Part of our missionary training was living for six weeks in a “home” we made of poles covered with dark and clear plastic. Kitchen cupboards, benches, and beds were all made of poles and twine. Think glorified camping.
For the most part, it was actually a fun and uneventful part of our training. For the most part. But there was this skunk roving between the houses.
And though I don’t jump and scream at every little thing, I do draw the line at skunks entering my home — even my temporary home.
We had come home one evening after visiting the neighbors. A glance around the house revealed no stray guests so we headed for bed. It wasn’t until later that it became evident that a skunk was in the house with us.

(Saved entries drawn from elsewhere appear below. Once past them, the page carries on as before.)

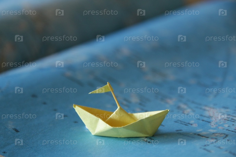 Концепция доставки или летнего путешествия. Бумажный кораблик на карте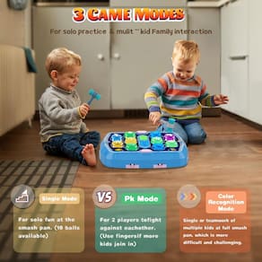 - 👍 Brinquedo de jogo Whack Mole: as crianças podem competir com amigos ou pais para marcar pontos martelando a bola piscante em música rítmica. Você pode ouvir sons realmente gritantes e ver uma bola colorida piscando ao bater, tornando a atmosfera de jogo emocionante e feliz. Este brinquedo de jogo whack mole está disponível para crianças de 3 a 5 a 8 anos.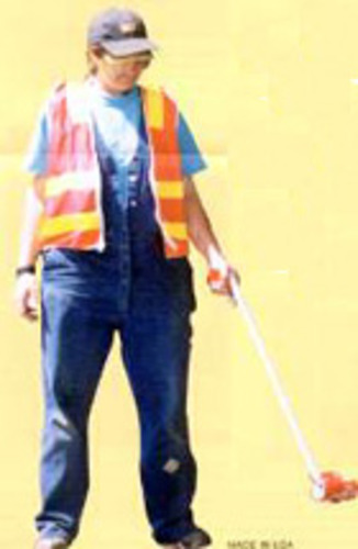A lightweight reaching aid designed for picking up litter including sharps and cans.

My husband of a year and a half, still being a young man with what I considered at that moment some very foolish ideas, had a plan to get the skunk. He’d been told that if you grabbed them by the tail and picked them up before they planted their back feet, that they could not spray. I mean, this was before internet. How could he KNOW that???!!!
“But what if you’re wrong?” I argued in vain. “What if he sprays our house?”
“It’s just a temporary house,” my husband responded. “It’ll be okay.” He looked way too pleased and way too ready to face the challenge at hand.
How do you argue with such reasoning? My mind went through the list of meager possessions in our very temporary home, searching for something of value, something that shouldn’t be sprayed by a skunk. And then I had it!
“The Bibles! He’ll spray the Bibles!” I yelled in as loud a whisper as felt safe with a skunk wandering on the floor beneath us.
A chuckle? A laugh? Was that really my husband’s reaction?
It was. But he found it humorous enough that he gave up on the idea of reaching down from our relatively high bed to grasp the skunk’s tail. I breathed a sigh of relief. And then we waited. And waited. Until Mr. DePew finally wandered out of the house and left us in peace.
We did make changes after that. A bucket propped in front of the door at night became the norm to prevent Mr. DePew from pushing his way in. That being said, that would not be my last encounter with Mr. DePew. But that’s another story for another time.